High-throughput analysis of human cytomegalovirus genome diversity highlights the widespread occurrence of gene-disrupting mutations and pervasive recombination

J Virol. 2015 Aug 1;89(15):7673-7695. doi: 10.1128/JVI.00578-15. Epub 2015 May 13.

Abstract

Human cytomegalovirus is a widespread pathogen of major medical importance. It causes significant morbidity and mortality in the immunocompromised and congenital infections can result in severe disabilities or stillbirth. Development of a vaccine is prioritized, but no candidate is close to release. Although correlations of viral genetic variability with pathogenicity are suspected, knowledge about strain diversity of the 235kb genome is still limited. In this study, 96 full-length human cytomegalovirus genomes from clinical isolates were characterized, quadrupling the available information for full-genome analysis. These data provide the first high-resolution map of human cytomegalovirus interhost diversity and evolution. We show that cytomegalovirus is significantly more divergent than all other human herpesviruses and highlight hotspots of diversity in the genome. Importantly, 75% of strains are not genetically intact, but contain disruptive mutations in a diverse set of 26 genes, including immunomodulative genes UL40 and UL111A. These mutants are independent from culture passaging artifacts and circulate in natural populations. Pervasive recombination, which is linked to the widespread occurrence of multiple infections, was found throughout the genome. Recombination density was significantly higher than in other human herpesviruses and correlated with strain diversity. While the overall effects of strong purifying selection on virus evolution are apparent, evidence of diversifying selection was found in several genes encoding proteins that interact with the host immune system, including UL18, UL40, UL142 and UL147. These residues may present phylogenetic signatures of past and ongoing virus-host interactions.
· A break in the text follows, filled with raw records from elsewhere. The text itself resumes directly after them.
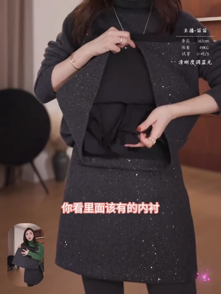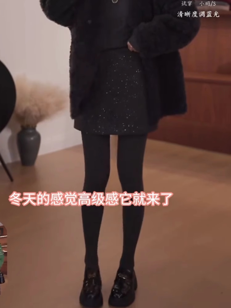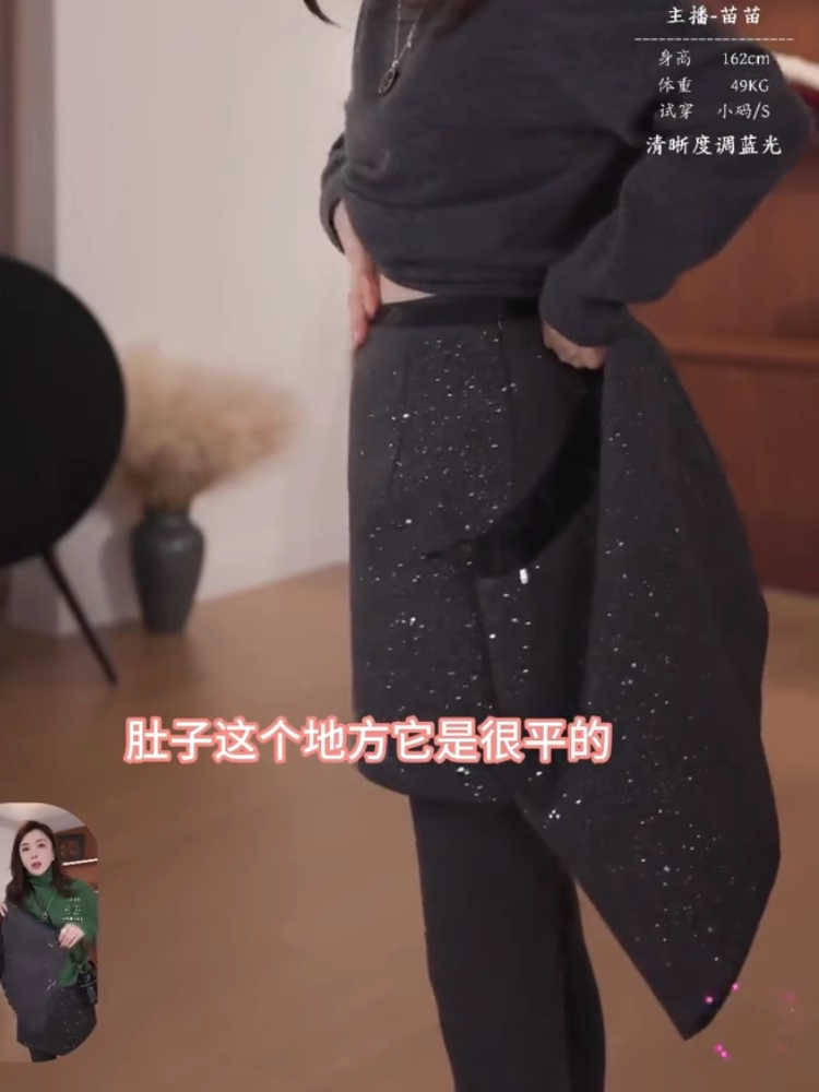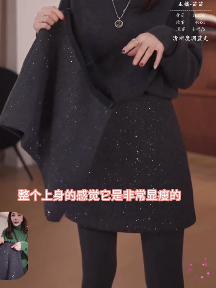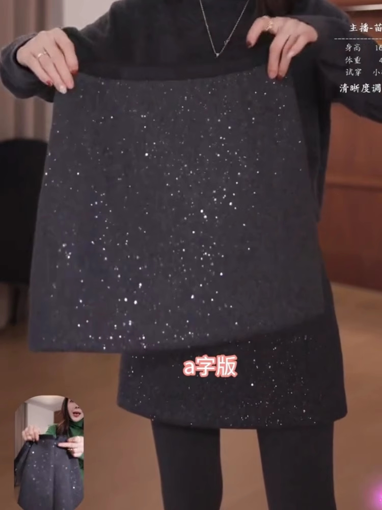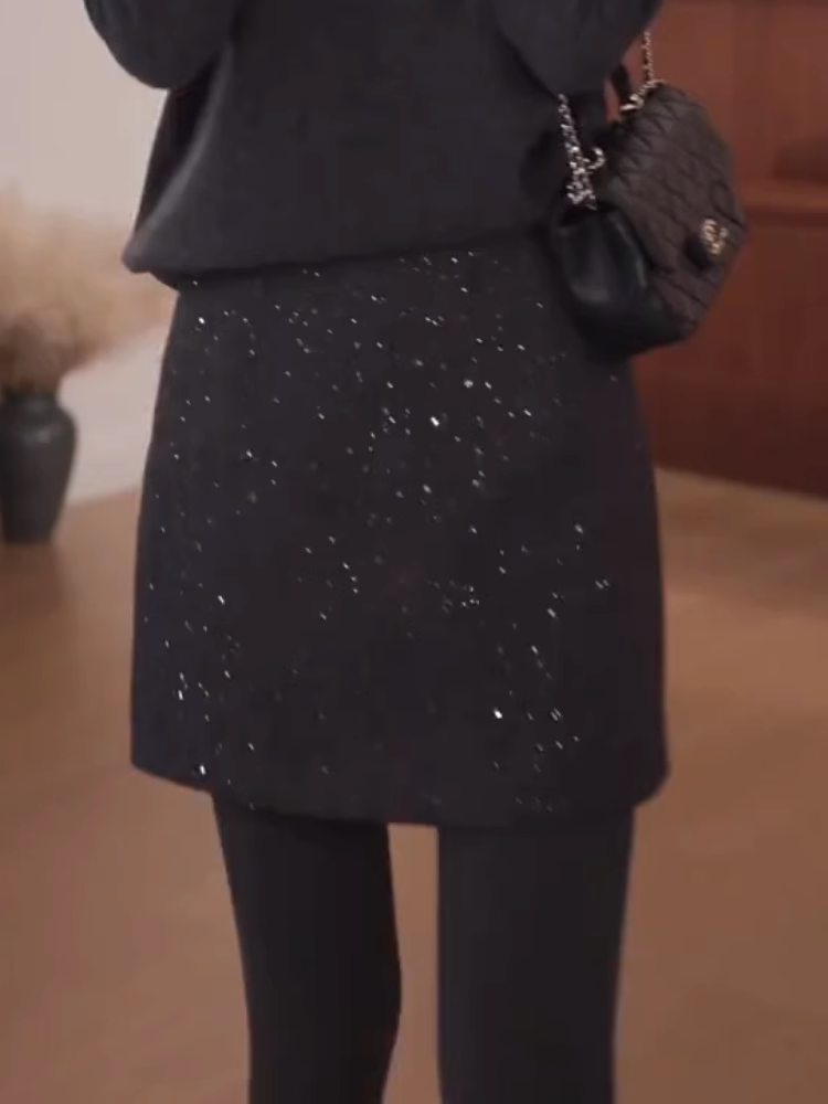 韩系百搭通勤亮片半身裙2024年冬季厚款梨形高腰显瘦宽松A字短裙
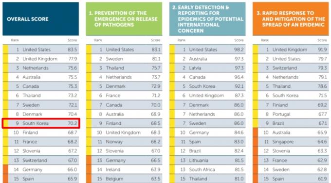 핵위협방지구상(NTI)과 존스홉킨스대학이 합동으로 조사한 '2019년 세계보건안전지수(GHS Index, Global Health Security Index)'에서 우리나라는 9위를 기록했다. 21위를 기록한 일본은 물론이고 프랑스, 스위스, 독일 등의 주요 선진국보다 높았다.
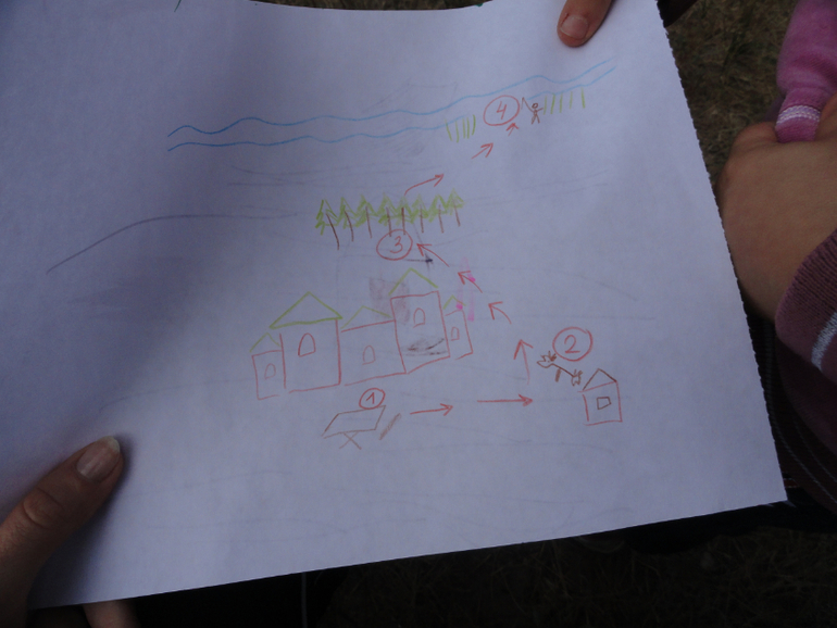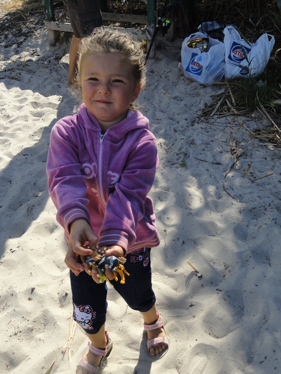Везде оставили по печеньицу (я подменила их потом на краски и сюрприз). И отправились в последний пункт на карте - на пляж, где папа ловит рыбу. Честно поделилась печеньем с папой и еще одним дядей, который приходил посмотреть. На пляже спасли животных из песка, получили за это баночку краски.

Importance: Human cytomegalovirus has the largest genome of all viruses that infect humans. Currently, there is a great interest in establishing associations between genetic variants and strain pathogenicity of this herpesvirus. Since the number of publicly available full-genome sequences is limited, knowledge about strain diversity is highly fragmented and biased towards a small set of loci. Combined with our previous work, we have now contributed 101 complete genome sequences. We have used these data to conduct the first high-resolution analysis of interhost genome diversity, providing an unbiased and comprehensive overview of cytomegalovirus variability. These data are of major value to the development of novel antivirals and a vaccine and to identify potential targets for genotype-phenotype experiments. Furthermore, they have enabled a thorough study of the evolutionary processes that have shaped cytomegalovirus diversity.